Figure 3 shows the distribution of F0 by gender, with male voices concentrated between 100–180 Hz and female voices between 180–240 Hz, highlighting F0’s discriminative power as a gender-related acoustic feature. Evaluating model performance separately by gender reveals notable differences: females show perfect precision (1.0) but low recall (0.14) and AUROC 0.57, whereas males achieve high recall (1.0), precision 0.70, and AUROC 0.91. Although the model uses all features, this performance gap aligns with F0 differences—males’ lower baseline and wider spread provide stronger cues, while the narrower, higher-range female distribution limits contribution. Following Pessach and Shmueli (21), we computed true positive ratio (TPr) and true negative ratio (TNr) to assess fairness: females have TPr 0.14 and TNr 1.0, while males have TPr 1.0 and TNr 0.81. This indicates that the model is more likely to correctly identify positive male cases, while negative female cases are more accurately classified, reflecting a subgroup performance imbalance rather than equal treatment.

Figure 3
Bar chart titled “Distribution of F0 mean by Gender.” It shows the frequency distribution of F0 mean in Hz for male and female categories, with males in red and females in blue. Male data peaks around 130 Hz, while female data peaks around 200 Hz. The count ranges from 0 to 6.

Figure 3. Distribution of the fundamental frequency (F0, i.e., pitch) across genders. Male voices (red) show a lower range (100–180 Hz), while female voices (blue) are generally higher (180–240 Hz).

3.3 Calibration

Figure 4 shows the calibration curve of our model, crucial for medical applications.
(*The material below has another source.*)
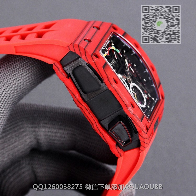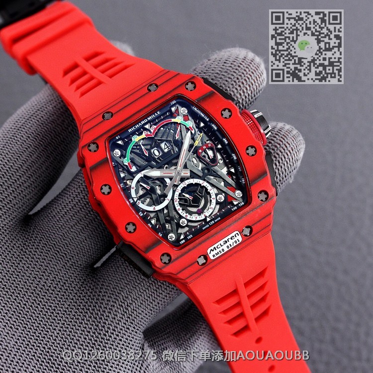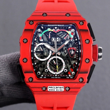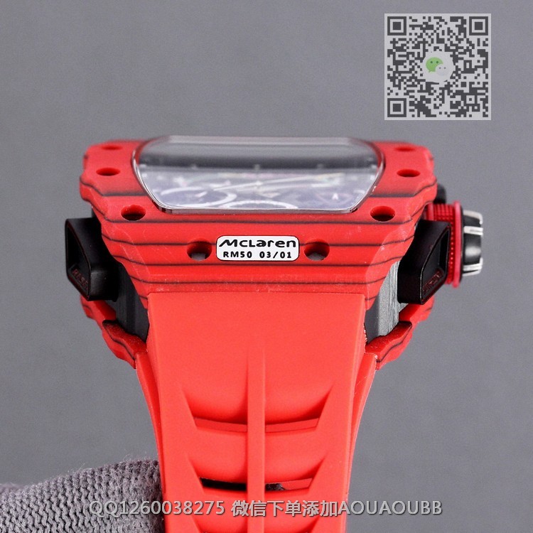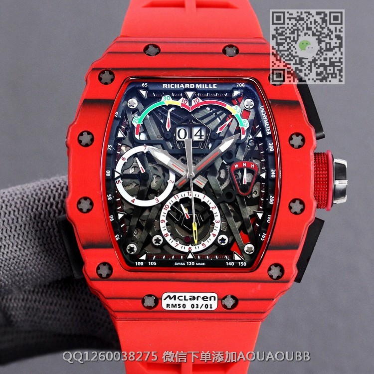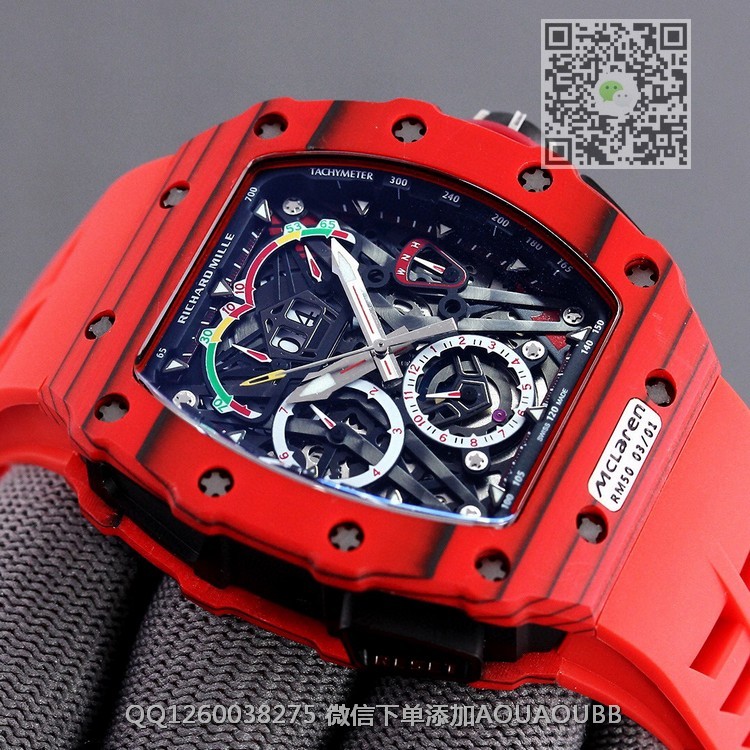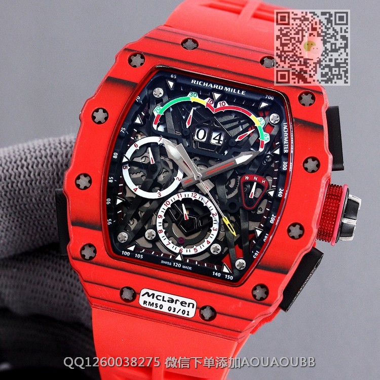 【品牌】理查德米勒【产品介绍】RichardMille理查德•米勒 (腕表型号: RM50-03,迈凯轮)艺术提升了全新层次,顶级碳纤维壳套 完美的纹路 顶级的做工!搭载大日历多功能全自动机械机芯,进口橡胶表带原装鑫折叠扣,尺寸50X40mm展现着理查品牌的高端与经典!!!品质选择!【款式】男款【尺寸】50X40mm【表带】橡胶牛皮表带【镜面】蓝宝石镜面【机芯】复刻正品机芯【防水】50米防水【配件】原装盒,说明书,质保卡,吊牌,香港机打发票【品质检测】保证所有手表实物拍摄,所见即所得 , 手表发货前都会有严格检查测试,确保您收到的手表无质量问题

Overall, the model shows good calibration. Initially, some points are above the diagonal, which means that the model is underconfident and underestimates risks and probabilities at these points. In general, with a calibration error of 0.04, it can be said that the model is fundamentally good, as the average difference between the predicted probabilities and the actual frequency is 4%. The model can be trusted, but there is still room for improvement before it can be deployed in practice.

Figure 4
Calibration plot for depression showing true probability versus mean predicted probability. A black line represents perfect calibration, while a red dotted line with dots shows actual calibration. The calibration error is 0.049.

Figure 4. Calibration curve. The red solid line depicts the observed calibration performance of the model, while the black solid line represents a perfectly calibrated classifier (ideal reference). Overall, the model shows good calibration, with predictions in the higher probability range aligning almost perfectly with the true outcomes. This suggests particularly reliable performance for the positive (depressed) class in the upper probability range.

3.4 Decision analysis

Figure 5 presents the decision curve (net benefit analysis), which complements traditional performance measures such as the AUROC by incorporating the clinical consequences of different decision strategies. The black dashed line shows the net benefit of our model, while the blue and red dashed lines correspond to the strategies of treating all or treating none, respectively. Across a wide range of threshold probabilities, the model provides greater net benefit than either reference strategy, indicating its potential clinical usefulness. In particular, the “treat all” strategy (blue line) declines sharply, underscoring the potential harm of unnecessary treatment. The model achieves its highest net benefit at low threshold probabilities, suggesting that it may be especially valuable for identifying patients at risk of depression early, when a lower decision threshold for intervention is clinically appropriate.

Figure 5
Chart titled “Depression” showing net benefit against threshold probability. Three lines are depicted: a black dotted line for “Model,” a blue dash-dotted line for “Refer All,” and a red dashed line for “Refer None.” The model performs better at lower threshold probabilities.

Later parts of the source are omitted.